Спортсмен несколько раз съездил Гоше по незащищенной физиономии, проговорил нечто хлесткое и обидное в возмещенье морального ущерба, а Гоша стоял у койки, опустив руки, в драном пузырящемся на коленях трико и на глазах соседей по комнате все это терпеливо сносил…
Уже говорилось – гордыни в нем было мало.
К концу второго курса у Гоши скопились хвосты по нескольким особо занудно-зубрильным предметам, и чтобы не быть отчисленным, он взял академотпуск и ушел на сезон в поле с партией каких-то, кажется, геодезистов…

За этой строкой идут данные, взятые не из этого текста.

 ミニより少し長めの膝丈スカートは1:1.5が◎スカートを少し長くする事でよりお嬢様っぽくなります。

В общежитии, уезжая, он оставил любимую девушку, Валю, одну из тех отнюдь не редких представительниц слабого пола, для кого нет ни мало-малейшей загадки ни в звездном небе над нами, ни в нравственном законе внутри нас, ни, наипаче того, в непоколебимых основаньях чувству перманентной внутренней правоты.
Французский католик Анри де Монтерлан про душевно-чувственную половую любовь сказал так (если верить Венедикту Ерофееву): «Это власть, оккупация чужой души…»

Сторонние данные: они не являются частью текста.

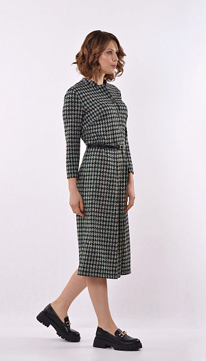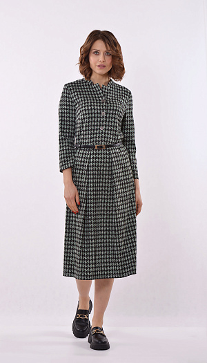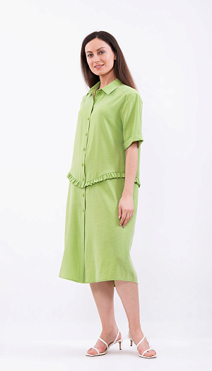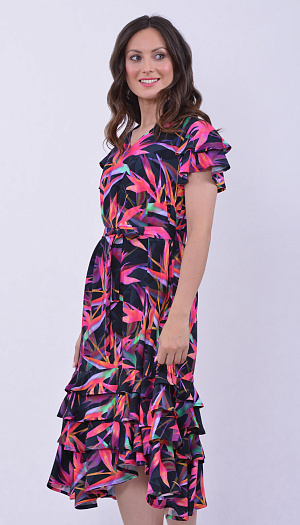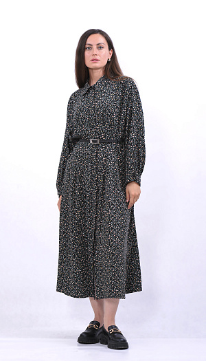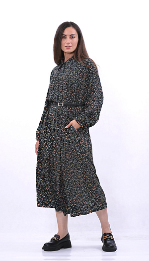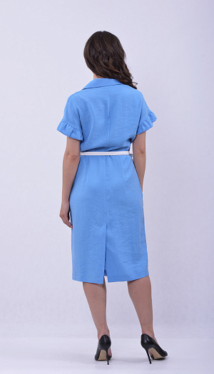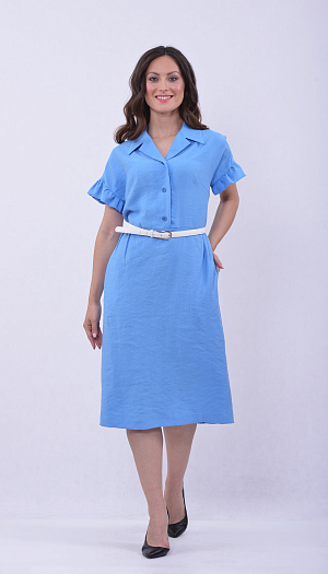 Платье-халат с застёжкой на пуговицах, с воланом , с длинным рукавом. Горловина и манжеты украшены рюшей. В боковых швах карманы. По талии пояс. Цвет:синий Cостав:80%вискоза 20%нейлон

Весь год разлуки Валя, ширококостная большая женщина, «продружила» с Петькой Рыжим, парнем похлипче Гоши, но тоже довольно крепким, по-петушиному франтоватым, беззлобным и, как говорится, без затей.

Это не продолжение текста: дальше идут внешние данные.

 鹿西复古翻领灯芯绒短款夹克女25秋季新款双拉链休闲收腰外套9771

«Как вдвинулся, – определили его по Гошином возвращении курсовые наши созерцатели, – так, мын, и от-двинулся!..»
А Гоша, он, да… он возвратился…
Он возвратился, и впервые в жизни я увидел, чтобы, наскучавшись, так мощно, так откровенно кто-то радовался наступившей встрече.
Обветренный, похуделый, он подходил по кругу к каждому из собравшейся компании и, гхыкая, гхыыкая и хыг-гыкая, хлопал нас по плечам, обнимал и прижимал с братской нежностью к своей жесткой и сильной груди…
Наверное, он вспоминал нас всех, далеких товарищей, в какую-нибудь непогодь в подтекающей ночной палатке, и мы представлялись ему гораздо лучшими, чем пребывали в реальности.
И вот прошло, минуло чуть не в один вздох с десяток лет после института, после разлучений, после рассыпа с одной недолго общей дорожки на поотдельные тропинки судьбы…
Я жил тогда в другом городе и потихоньку, в силу обстоятельств, расставался с полюбившейся мне своим напряжением хирургией, а Паша, с коим, знаваясь с третьего класса, с девятого по одиннадцатый мы вовсе просидели за одной партой, Паша, забросив кандидатскую в антресольную кладовку у себя в коридоре, работал слесарем на тракторном заводе.
Заработок был у него ничего, горечь от предложенного шефом соавторства приосела в душе, и Паша, грубея, осваивался полегоньку в новой роли.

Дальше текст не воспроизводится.